HiveSQL Tricks for A Better Life

This post is mainly a notebook I use to record some practical HiveSQL tricks during daily work. Hopefully it will also make your life easier.

Concatenate strings from several rows by SQL

We use the same logic as we did in Pandas to perform the task.

SELECT  t.user_id
        ,concat_ws(',',collect_set(tag)) AS tags
        ,concat_ws(',',collect_set(product)) AS products
FROM    table_name
GROUP BY user_id

all tags and products will grouped by each user name, seperated by comma

Remove duplicates in a more efficient way

We use ROW_NUMBER() function to identify the replicated rows and then simply select the rows we need.

SELECT	user_id
        ,product_id
        ,order_time
FROM (
        SELECT	user_id
                ,product_id
                ,order_time
                ,ROW_NUMBER() OVER (PARTITION BY user_id, product_id ORDER BY order_time ASC) AS rn
        FROM    orders
) t
WHERE t.rn = 1

We select the first record for any products purchased by all users

First we select all rows like we'd normally do, then we add a new column ROW_NUMBER() with partition by user_id and product_id.
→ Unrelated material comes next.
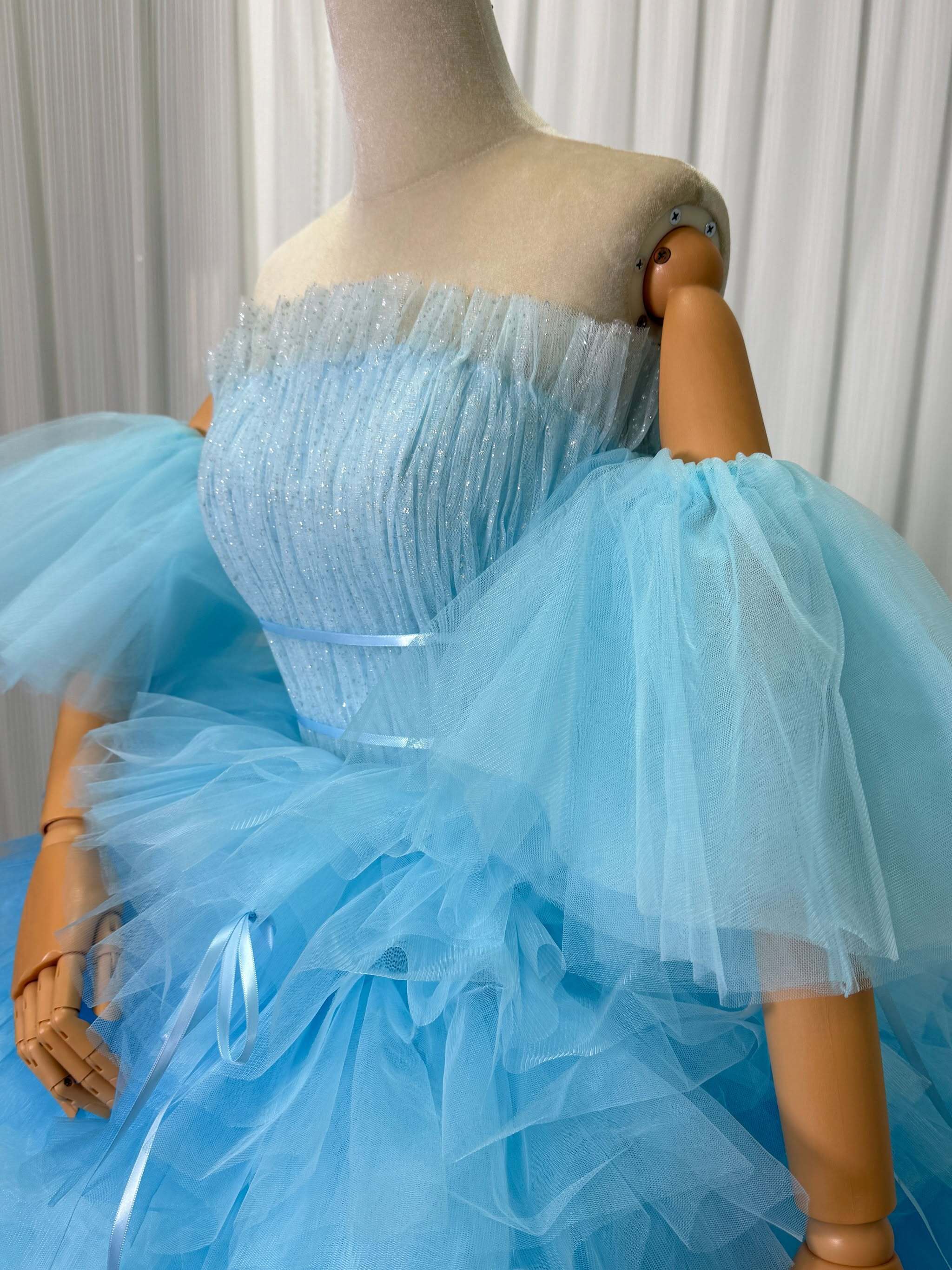 実例写真! カラードレス 爽やかで優しいブルー フリル袖 柔らかく重ねたチュールスカート 華やかなトレーン 披露宴/結婚式 フレアスカート

This is similar to .groupby(['user_id','product_id']) in pandas. Then the ordering is by order_time ascendingly, meaning the earliest order will be numbered as 1.
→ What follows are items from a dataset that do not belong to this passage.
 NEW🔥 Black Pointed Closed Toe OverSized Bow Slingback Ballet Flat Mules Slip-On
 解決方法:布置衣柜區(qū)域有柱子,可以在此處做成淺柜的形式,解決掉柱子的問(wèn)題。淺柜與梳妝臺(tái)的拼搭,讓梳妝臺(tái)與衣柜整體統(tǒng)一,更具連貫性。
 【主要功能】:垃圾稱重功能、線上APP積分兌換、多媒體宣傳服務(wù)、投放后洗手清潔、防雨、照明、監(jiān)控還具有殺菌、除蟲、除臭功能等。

Due to the ROW_NUMBER() cannot in WHERE clause, we need to embed the query to select the rows we need. For dropping duplicates, WHERE t.rn = 1 will do the trick. We can also keep the earliest 5 orders for all users:

SELECT	user_id
        ,product_id
        ,order_time
FROM (
        SELECT	user_id
                ,product_id
                ,order_time
                ,ROW_NUMBER() OVER (PARTITION BY user_id ORDER BY order_time ASC) AS rn
        FROM    orders
) t
WHERE t.rn <= 5

here only partition by user_id, and rn <= 5

Fill string with certain characters to a fixed length

LPAD( string str, int len, string pad) and RPAD( string str, int len, string pad)

For example, lpad('9:00:00',8,'0') can be used to add a "0" in front of "9:00:00" so it becomes "09:00:00", but it won't add 0 to "13:00:00" since "13:00:00" has 8 characters.

Get Object from JSON Embedded Rows

SPLIT_PART(get_json_object(sentence,'$.redirect_url'),'-',2,2)

Concat Distinct Values by Columns

SELECT  user_id
        ,CONCAT_WS(',',COLLECT_SET(type)) AS types
        ,CONCAT_WS(',',COLLECT_SET(product_name)) AS product_names
FROM    user_purchase 
WHERE   ds = '${bizdate}'
GROUP BY user_id

Get Percentile

WITH score AS (
        SELECT  month
                ,user_id
                ,score
        FROM    user_score
)
SELECT  month
        ,percentile_approx(score,0)     AS score_0    -- min
        ,percentile_approx(score,0.05)  AS score_5    -- 5%
        ,percentile_approx(score,0.25)  AS score_25   -- 1st quarter
        ,percentile_approx(score,0.5)   AS score_50   -- median
        ,percentile_approx(score,0.75)  AS score_75   -- 3rd quarter
        ,percentile_approx(score,0.95)  AS score_95   -- 95%
        ,percentile_approx(score,1)     AS score_100  -- max
FROM    score
WHERE   month >= '2020-09' 
GROUP BY month
ORDER BY month DESC
;

Alter Table: add columns

 ALTER TABLE `user_info` ADD COLUMNS (
     `user_age`         BIGINT COMMENT 'User Age'
    ,`user_location`    STRING COMMENT 'User Location'
);

Calculate between Rows

# get the previous row's create_time
LAG(create_time,1) OVER (PARTITION BY user_id ORDER BY create_time)

# calculate the time difference between current row's create_time and previous
# one, group by user_id
DATEDIFF(create_time,LAG(create_time,1) OVER (PARTITION BY user_id ORDER BY create_time),'SS' ) AS time_span

Similarly, LEAD() is doing the opposite of LAG(), it will get the value of next n row(s).

Rows to Columns, Columns to Rows

name	subject	score
小明	数学	98
小明	英语	95
小明	语文	96
杰仔	科学	88
阿花	数学	91
阿花	英语	93

-- create table
WITH df_student AS (
    SELECT  '小明' AS name, '语文' AS subject, 96 AS score
    UNION
    SELECT  '小明' AS name, '数学' AS subject, 98 AS score
    UNION
    SELECT  '小明' AS name, '英语' AS subject, 95 AS score
    UNION
    SELECT  '阿花' AS name, '数学' AS subject, 91 AS score
    UNION
    SELECT  '阿花' AS name, '英语' AS subject, 93 AS score
    UNION
    SELECT  '杰仔' AS name, '科学' AS subject, 88 AS score
)

-- rows to columns
, df_student_wide AS (
    SELECT  name
            ,MAX(CASE WHEN subject = '语文' THEN score ELSE '-' END) 语文
            ,MAX(CASE WHEN subject = '数学' THEN score ELSE '-' END) 数学
            ,MAX(CASE WHEN subject = '英语' THEN score ELSE '-' END) 英语
            ,MAX(CASE WHEN subject = '科学' THEN score ELSE '-' END) 科学
    FROM    df_student 
    GROUP BY name
)   

-- columns to rows
SELECT *
FROM (
    SELECT name,'语文' AS subject,语文 AS score FROM df_student_wide
    UNION
    SELECT name,'数学' AS subject,数学 AS score FROM df_student_wide
    UNION
    SELECT name,'英语' AS subject,英语 AS score FROM df_student_wide
    UNION
    SELECT name,'科学' AS subject,科学 AS score FROM df_student_wide
) t
WHERE t.score != '-'
;